Author: ThatPerfectReed 
Date:   2014-01-25 16:09

Tony F.

I COMPLETELY get where you are coming from.

The man you describe, on balance, has apparently given so much to music that to sit in judgement of his desire to be buried with a beloved instrument would be wrong. I hope I haven't offended.

Clearly, we are all affected by our experiences with music, some of mine being the inaccessibility of playable, forget good, instruments for "children of need" to play on in some of our less than privledged school districts in the States.

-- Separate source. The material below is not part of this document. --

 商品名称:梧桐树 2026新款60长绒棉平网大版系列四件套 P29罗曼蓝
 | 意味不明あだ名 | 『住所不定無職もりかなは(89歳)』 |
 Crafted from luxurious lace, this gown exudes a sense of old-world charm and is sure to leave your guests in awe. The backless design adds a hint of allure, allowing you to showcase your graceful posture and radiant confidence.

To get a child to remain motivated in their music studies is hard enough, let alone when their instrument is not performing acceptably. Fortunately, this hurdle is more than compensated for when placing a decent instrument in the hands of a new player, and seeing their face light up with the excitement of knowing "it wasn't me" when they can now hit notes their previously defective instrument would not allow--not to mention their renewed passion for music.

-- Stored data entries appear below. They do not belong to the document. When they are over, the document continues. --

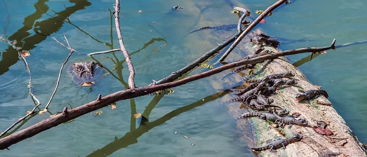 Depois de toda essa jornada até o nascimento, como estratégia de sobrevivência, instintivamente, é comum que os filhotes fiquem juntos, o que dá uma certa vantagem na fuga quando necessário. Além disso, também temos a mamãe jacaré como sentinela por um tempo, ficando perto para protegê-los de possíveis predadores. – Aqui você pode colocar a trilha sonora de vitória do Ayrton Senna para celebrar o nascimento de novos jacarezinhos.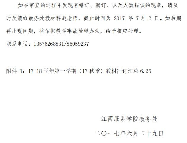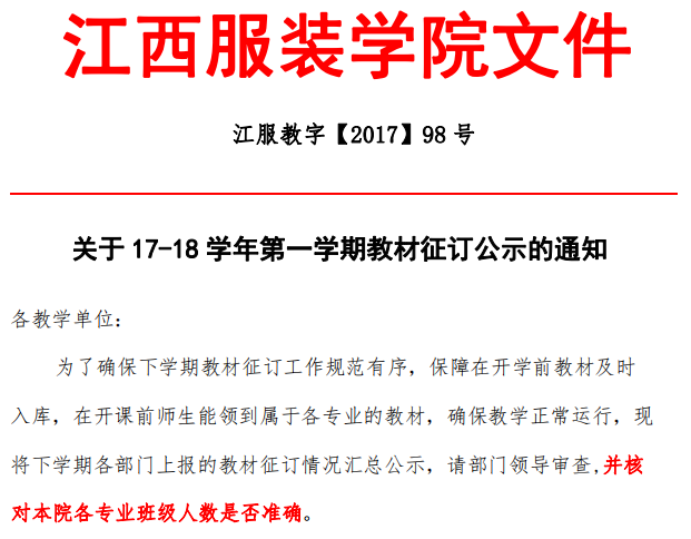 【教材科】关于17-18学年第一学期教材征订公示的通知(江服教字【2017】98号)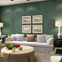 复古墨绿色田园树枝叶无纺布墙纸 美式乡村卧室客厅背景墙壁纸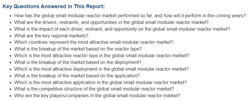 글로벌 시장은 주로 향상된 안전 기능과 수동 안전 시스템에 의해 주도되고 있습니다. 이와 더불어, 온실가스 배출을 최소화하여 환경에 미치는 영향을 줄임으로써 시장에 긍정적인 전망을 만들어내고 있습니다. 또한, 다양한 응용 프로그램의 다양성과 확장성이 시장에 크게 기여하고 있습니다. 이 외에도, 기존의 원자력 발전소에 비해 초기 자본 비용이 낮다는 점도 시장에 많은 기회를 제공합니다. 게다가, 규모의 경제를 가능하게 하는 표준화의 잠재력이 커지고 있다는 점도 시장의 촉매 역할을 하고 있습니다. 게다가, 인프라가 제한적인 외딴 지역의 에너지 접근성이 개선되면서 제품 수요가 증가하고 있습니다. 또한, 지속 가능하고 깨끗한 에너지 원에 대한 관심이 높아지면서 시장이 활성화되고 있습니다.
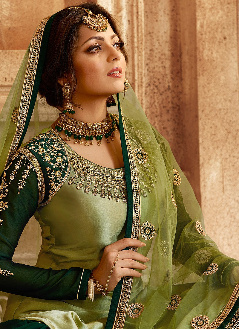 Green Two Tone Dual Bottom Lehenga/Pant Kurti Set is especially crafted for showcasing glamorous style and ethnic elegance with its unique embroidered combination of zari and resham thread work annotated perfectly on straight cut satin georgette top with santoon lining and flared georgette layered embroidered lehengha. This set also accompanies with matching santoon pant bottom and embroidered cut work net dupatta. Style it gracefully with studded earrings and stylish heels.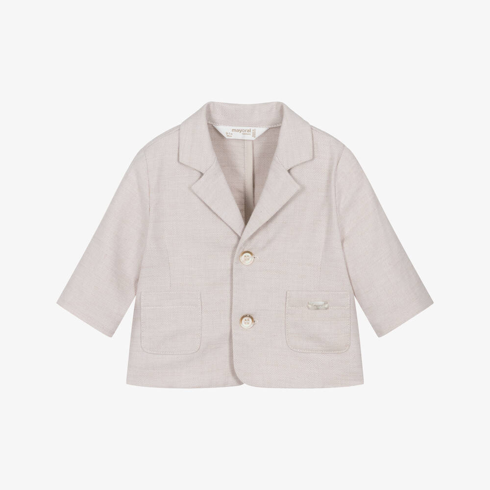 Smart-casual beige blazer for baby boys by Mayoral, woven in a lightweight cotton and linen blend. It is vented on the back for ease of movement and fastens with buttons on the front. There are two patch pockets, one trimmed with a branded plate.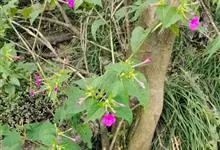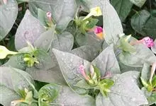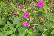 即紫茉莉,英文名:Four-o'clock,Marvel of Peru,为紫茉莉科、紫茉莉属多年生草本植物,一年生栽培。株高50~80cm。根粗壮,茎多分枝而散生。叶对生,卵形或心脏形。花数朵簇生…全部>>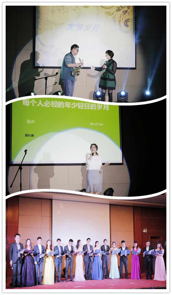 回望青葱岁月,展望锦绣未来,轻快的歌曲伴着优雅的吉他弹奏拉开了汇演的序幕。湖南卫视主持人杜海涛、安徽卫视主持人马滢、余声等著名的节目主持人和教师的祝福视频,将大家带入了满满的感动之中。结合播音主持专业特点设计的“创意播报”,体现了专业特色、展现了同学们扎实的功底;主题演讲《年少轻狂的岁月》发自肺腑、感人至深;围绕着是“追逐梦想”、还是“稳定工作”的话题展开的激烈辩论令人深思;感人至深的大合诵表达了毕业生们对校园生活的留恋和对学弟学妹们的殷殷期盼。萨克斯吹奏、歌曲、舞蹈、小品、朗诵等彰显艺术特色的节目,展现了同学们多才多艺的一面,赢得了现场观众的阵阵掌声。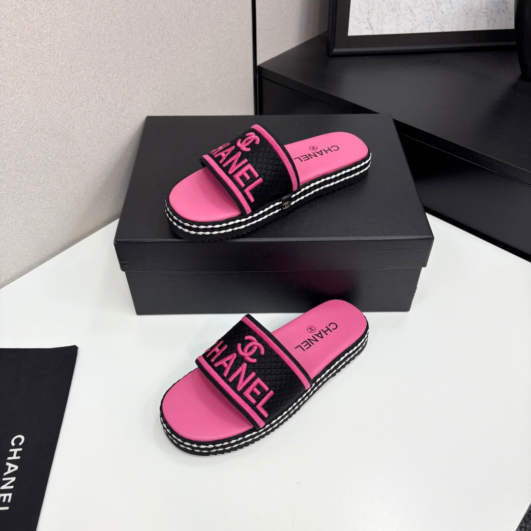 CC SLIDE SANDALS 25S IN PINK FABRIC AND CALFSKIN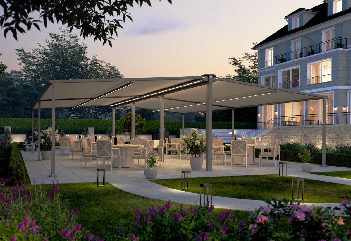 Cafe 600Z Portofino er en meget solid og vindstærk Zip Pergola.

As it regards convincing your friend to pass his hardware on, I leave you with a video segment produced by one of the most well known TV news magazine shows here in the States, on why burying instruments with their players should, IMHO, be reconsidered. If this doesn't change your friend's mind, I'm not sure anything will.

These fine people of Paraguay, importers of trash, turn it into instruments.

/http://www.cbsnews.com/news/the-recyclers-from-trash-comes-triumph/.

I'll get off my soap box now with apologies to sfalexi. This thread is about "the mouthpiece that never was," not about using my "mouthpiece" to pontificate.

In a perfect world I'd love to try a Lelandais/Chedeville, but I am nonetheless thrilled with my Vandoren B45 and 1950's R13, especially since, as highlighted by this video, it's hardly a perfect world.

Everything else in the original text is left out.